Epworth’s hidden gem

Luke Taurai Kancheta, aka Bhobho, with guitar and Freddy Manjalima, aka Kapfupi (far left) strutting their stuff on stage.

By Fidelis Manyange

EPWORTH is perceived by many people to be a poverty-ridden suburb which harbours criminals and ladies of the night, among other bad elements.

However, Epworth has its positive sides which make it a place to be. 

Every dark cloud has a silver lining so they say. 

From beautiful places like the amazing Balancing Rocks, Quarry Dam and the sacred Domboramwari, Epworth is a unique place. 

The suburb is home to many prominent artistes and has so much untapped talent in terms of the arts.

Patriot Arts caught up with one of the talented sons of Epworth who once dominated the music industry as an instrumentalist to prominent musicians. 

His name is Luke Taurai Kancheta, also popularly known as ‘Bhobho’. 

He helped shape up several bands. 

It is very sad that some members who play pivotal roles in the composition and arrangement of music within bands remain overshadowed by band leaders until they leave or form their own groups. 

Bhobho is such an artiste. 

He was born in Harare and grew up in Epworth. 

It was when he was in secondary school that his journey began as he joined the school’s marimba band.

Freddy Manjalima, aka Kapfupi, who grew up in the same neighborhood and was educated at the same school used to come with his drama group, True Vision African Theatre Production, to play at Epworth Secondary School. 

Kapfupi had finished his ‘O’-Level at the same school. 

Their sponsor decided to rope in the school’s marimba band in the act in which the marimba would play before and after drama performances. 

The school’s marimba band’s performances were limited since they were still students.

By the time Bhobho finished his ‘O’-Levels, Kapfupi and his group had bought a set of marimba instruments. 

Bhobho and his colleagues teamed up with them, mixing up marimba music and drama. 

He was also involved in acting. 

During those days, one Chatsama was teaching him to play the home-made guitar, while Madzibaba Shacky Kamatira (Madzibaba Shekede) eventually introduced him to the electric guitar. 

Bhobho fell in love with the bass guitar and helped Kamatira record his second album. 

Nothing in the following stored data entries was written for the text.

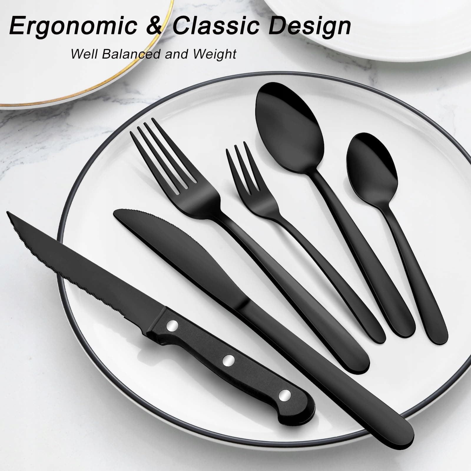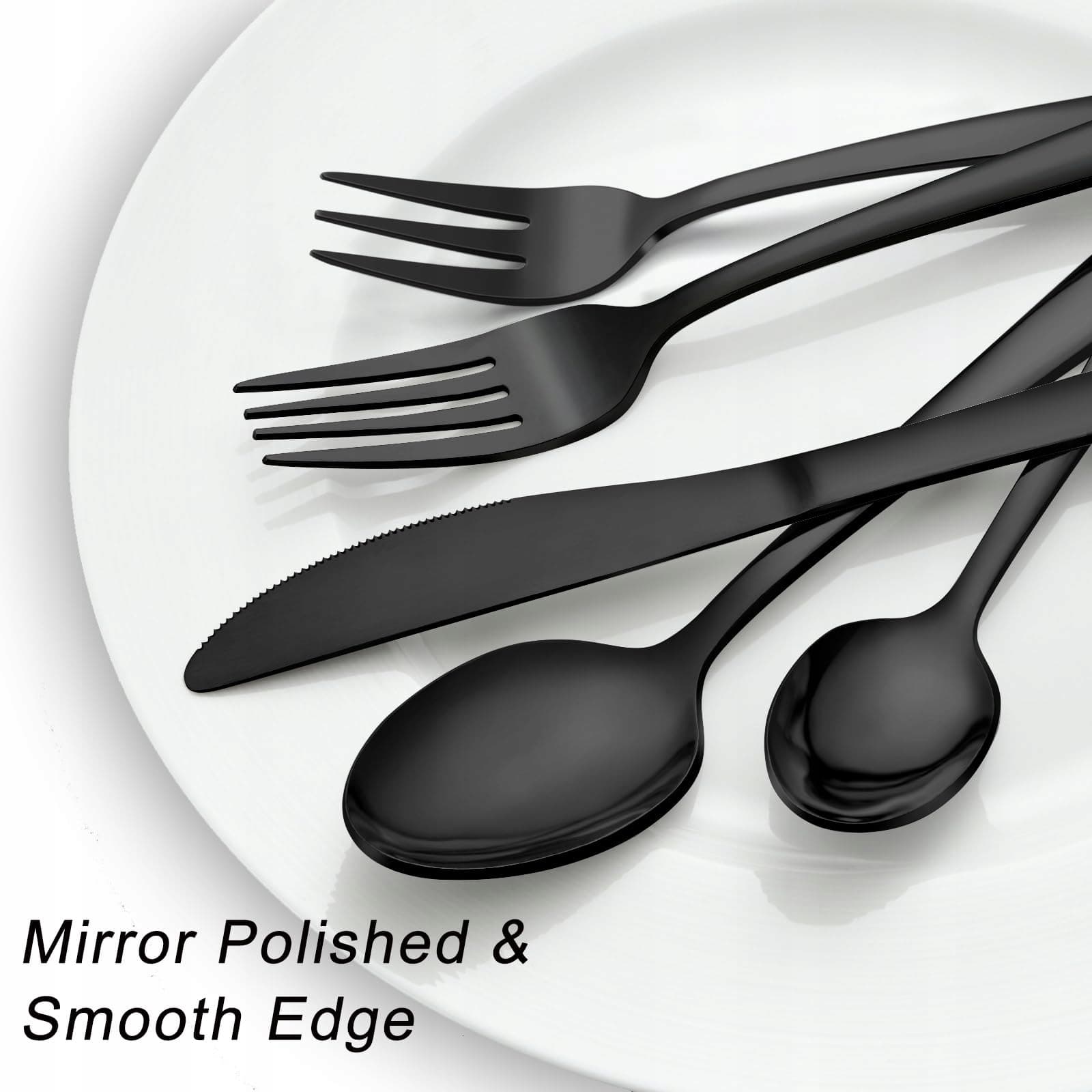 【Wyjątkowe wykonanie i polerowanie na wysoki połysk】Nasz zestaw widelców, łyżek i noży kuchennych jest polerowany na wysoki połysk, co sprawia, że czarny zestaw sztućców wygląda błyszcząco i ma gładkie krawędzie, które nie ranią ust podczas używania. Nasz zestaw widelców, noży i łyżek ma prosty, nowoczesny i elegancki design, z finezyjnymi liniami, idealnie ukształtowany i o odpowiednim rozmiarze, co pozwala na klasyczne połączenia z Twoimi istniejącymi sztućcami, aby codzienne posiłki zamienić w wykwintne doświadczenie kulinarne.
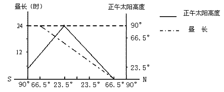读沿45°E经线各地某时刻正午太阳高度和昼长分布图,
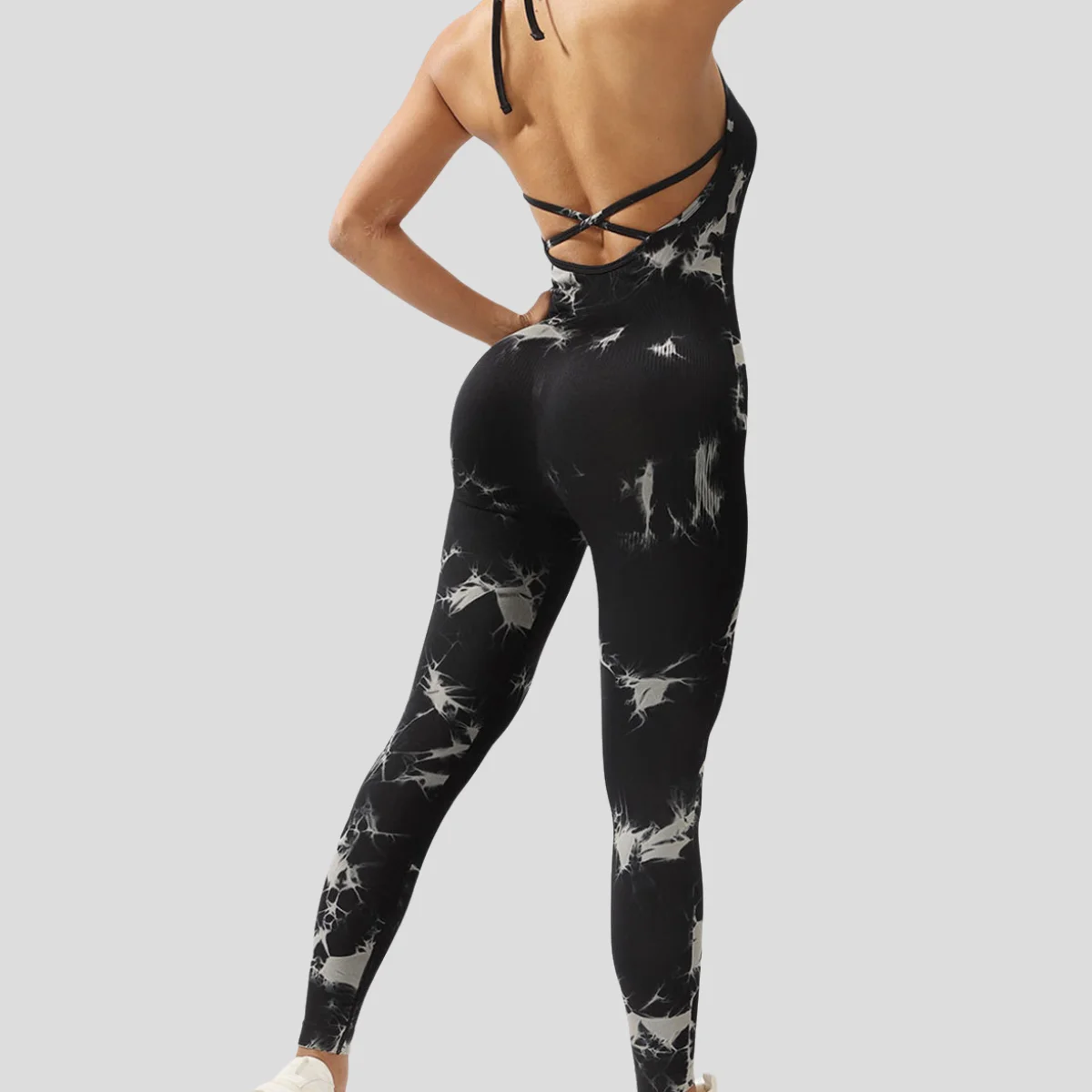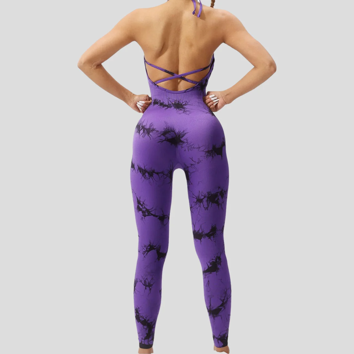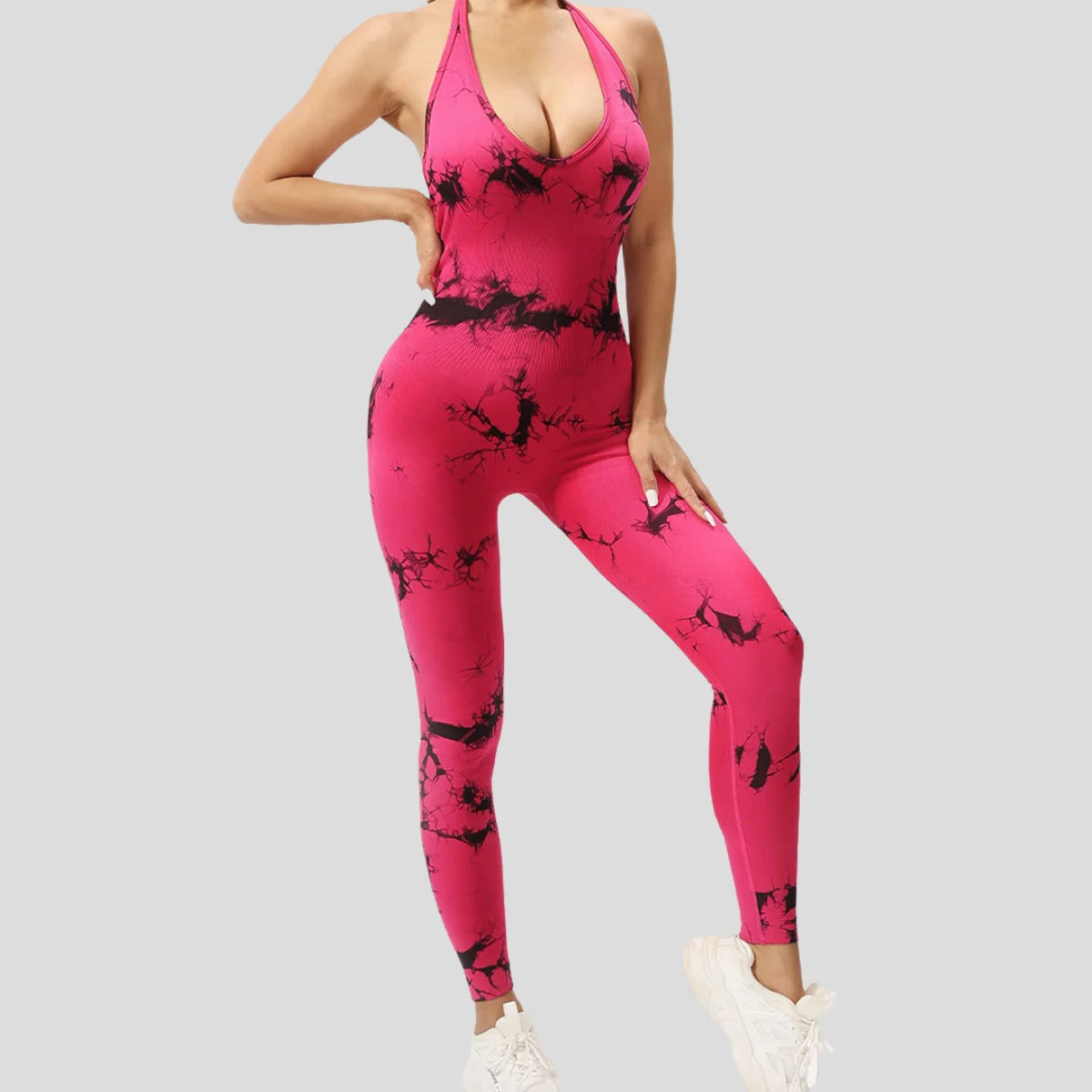 High Quality Slim-Fit Elastic Exercise Yoga Bodysuit Quick-Drying Seamless One-Piece Fitness Jumpsuit with Tie Dye Design
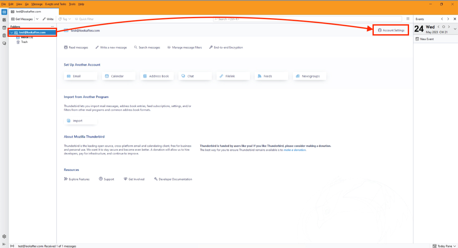 1. On Thunderbird, click your email account on the Folders pane, then click Account Settings.
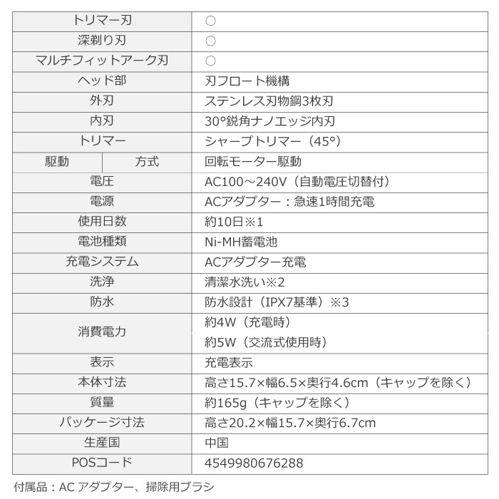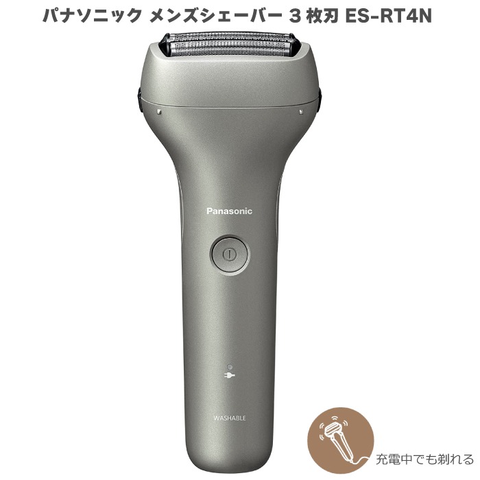 ※以下、ページ内の一部で「ES-RT4AU-A(青)」をイメージとして使用しています。本ページは「ES-RT4N-S(シルバー色)」の販売ページですのでご注意ください※ 「エントリーシェーバー 3枚刃 ES-RT4N」 おすすめポイント 充電中でも剃れる※1/1時間急速充電/海外・国内両用AC 100-240V※2/防水設計 IPX7基準※3/本体丸ごと清潔水洗い※
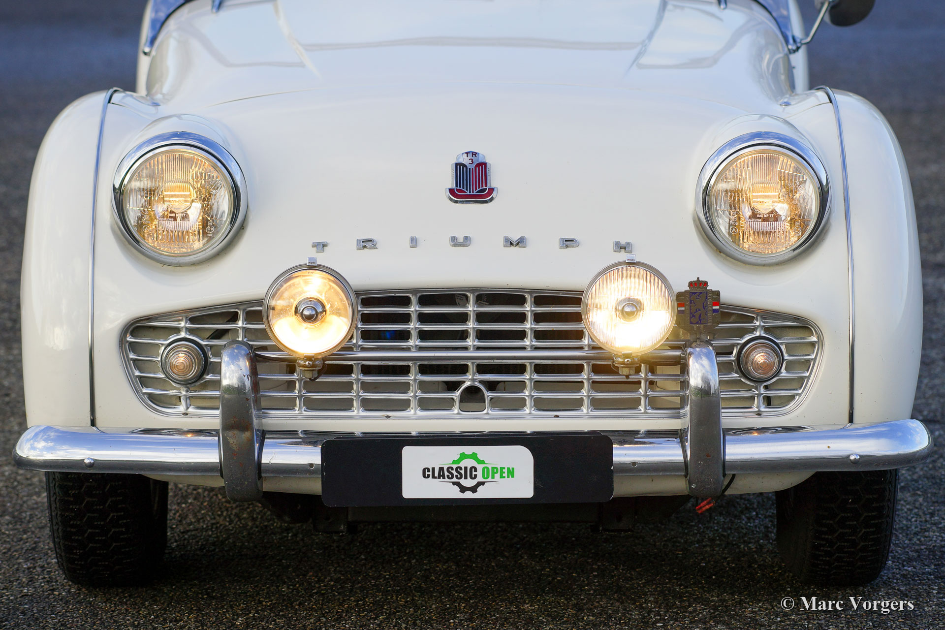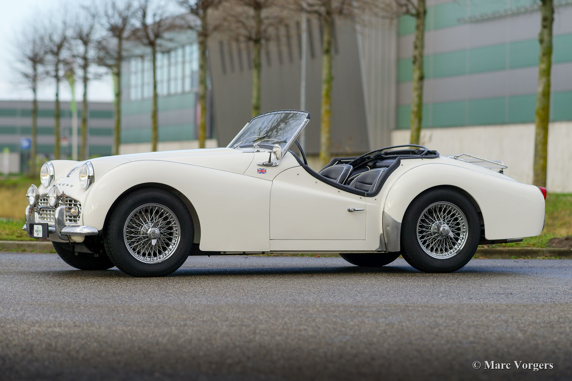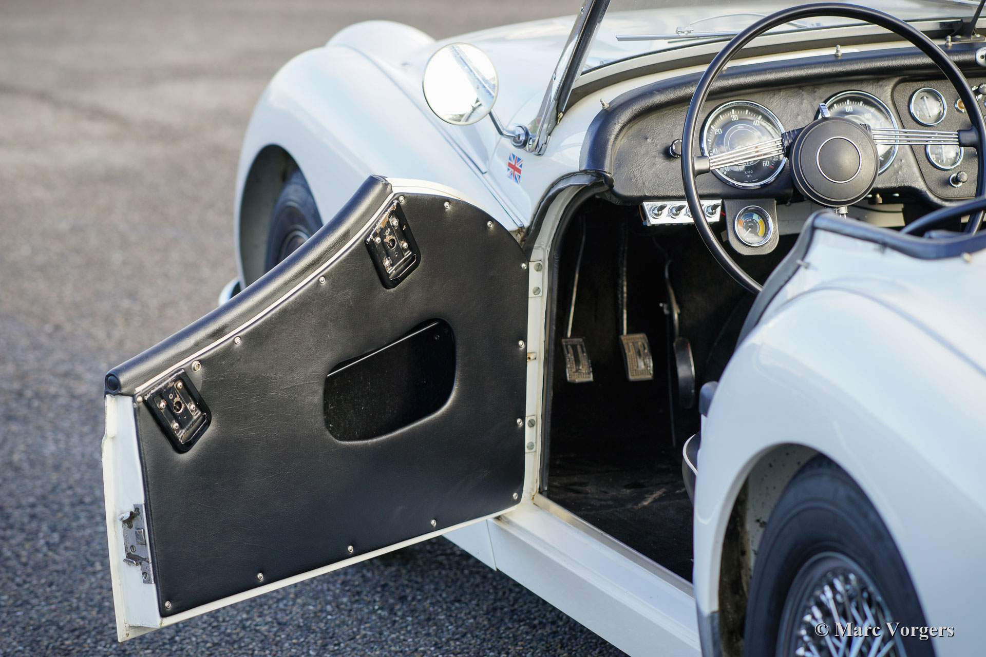 Triumph TR 3A, year 1959. Colour Pearl White combined with a black leather interior and black carpet. Black mohair hood and side-screens. This rugged and beautiful Triumph TR 3A was sold new in the USA. After the Triumph had arrived in the Netherlands, the car was extensively restored to factory original specifications. Documentation and a photo report of this restoration are present. This TR 3A is in a very good to excellent condition with minimal signs of previous use. The bodywork shows an excellent panel fit. All the original details are present. The car is fitted with extra options like a badge bar, a Lucas driving lamp set (SFT576 wide beam lamp and a SLR576 spot lamp), Kenlow electric cooling fan, wire wheels shod with Michelin XZX tyres, and a chrome baggage rack. Since the 1990’s this fantastic Triumph TR 3A has known only two caring owners. The car drives and handles perfectly, and it offers a magnificent classic open top driving experience. A very desirable Triumph roadster!
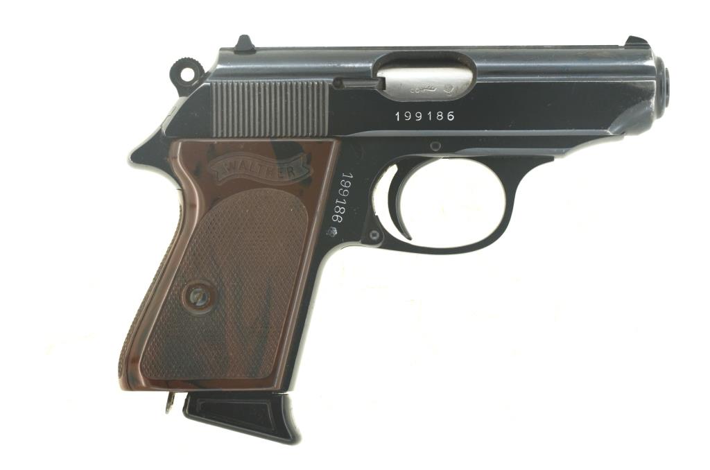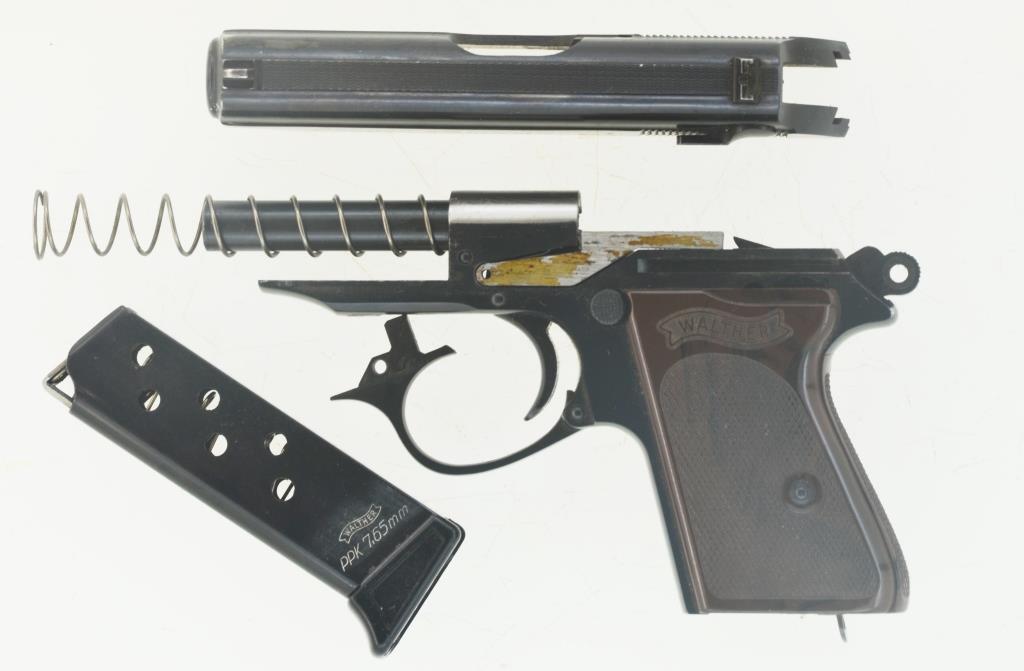 Kaliberangabe, Herstellerschriftzug, Walther-Banner, „Modell PPK“, Seriennummer, bundesrepublikanische Beschusszeichen "Adler über N", datiert "66".
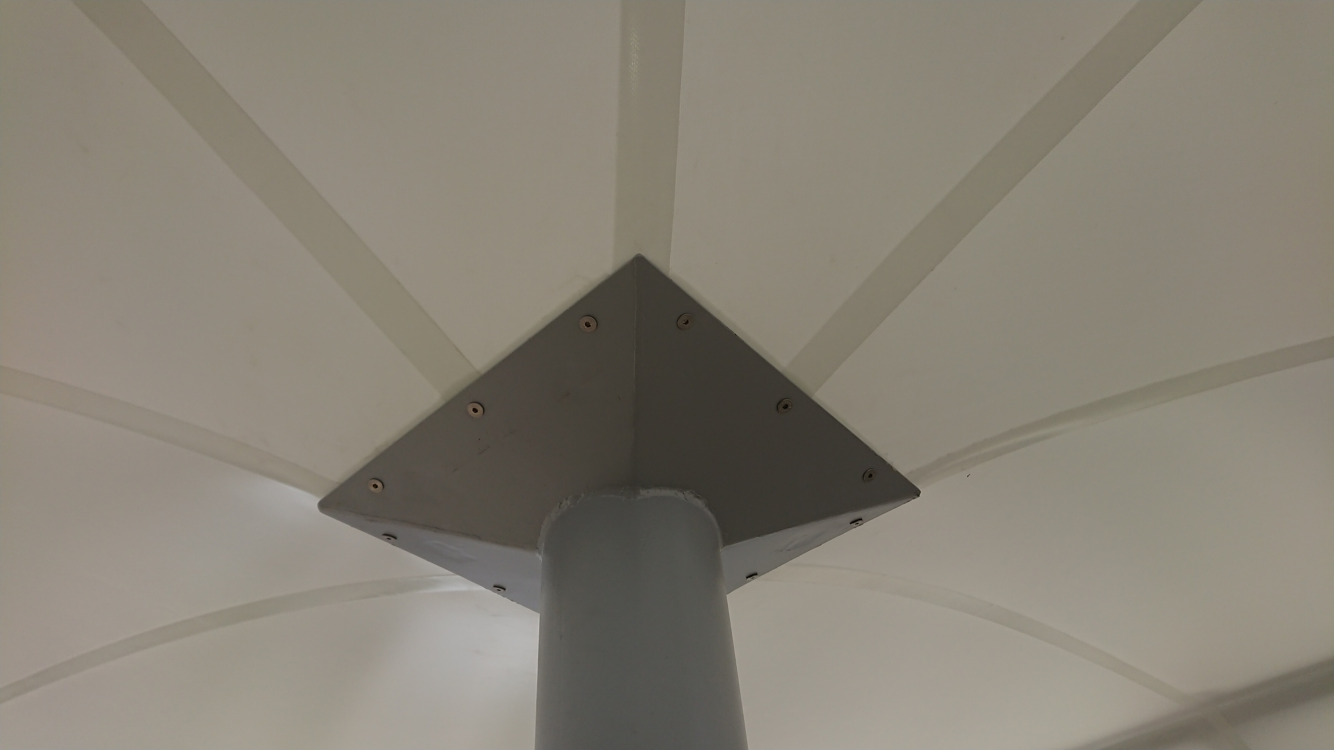 Die Überdachung besteht aus insgesamt 13 quadratischen Schirmen und kommt auf eine Gesamtfläche von ca. 510 m². Jeder Schirm hat Abmessungen von 6 x 6 Metern. Die Entwässerung erfolgt jeweils über die zentralen Masten, wobei die Schirme direkt an die Regenwasserkanalisation angeschlossen sind.

This was Bhobho’s first experience in the studio.

Bhobho persuaded Kapfupi to shelve the marimba music and concentrate on stringed instruments as well as a live band in order to record songs and Kapfupi agreed. 

Those days, electric guitars had begun to attract more fans than marimba music. 

Even Portia Gwanzura’s Hohodza MarimbaBand abandoned marimba music and switched to electrical guitars. 

“Shacky Shekede was on lead guitar and I was on the bass guitar and it was him who persuaded one of the Twin Brothers’ rhythm guitarist Luka Ephraim to join us,” said Bhobho. 

Twin Brothers were an offshoot from Pengaudzoke which consisted of the popular Ngolowela Brothers who were twins. 

“It was I who suggested the group’s name, Orchestra Ndoozvo, which was a popular saying those days and as Kapfupi was a good composer and crowd puller, we made him the band leader,” said Bhobho. 

The group was popular as they mixed live band with hilarious comedy drama from Kapfupi, Marabha and Mai Matiraburu. 

After leaving Kapfupi, Bhobho joined Sigma Boys, a sungura outfit, as a bass player. 

Luke Taurai Kancheta with blue guitar, with fellow Sigma Boys band members.

“It is at Sigma Boys that I met Braveman Chizvino (now Baba Harare) who was playing the rhythm guitar,” said Bhobho. 

“Progress Chipfumo and Jah Prayzah used to come and borrow instruments from Sigma Boys since they did not have their own by that time. 

“When Chipfumo observed my outstanding bass playing skills, he persuaded me to join his Sounds of the Motherland Band, which I did and when I left, Baba Harare replaced me on bass.

“In 2017, I left Chipfumo and decided to become an entrepreneur, running retail shops in Epworth, the business I am still in to date. 

“Although I am running my own business, I help upcoming musicians as a session guitarist when time permits.” 

The dreadlocked bassist said he is planning to record a few singles of his own in the sungura genre, Afro jazz and dancehall, because music runs in his blood. 

Bhobho is slowly proving that business and art go hand-in-glove as he occasionally invites local artistes from different genres to play in front of his shop to attract clients. 

Luke Taurai Kancheta with Alick Macheso

They range from Nyau dancers, drama, comedians and dancehall artistes. 

So, when in Epworth, don’t miss Bhobho’s Corner.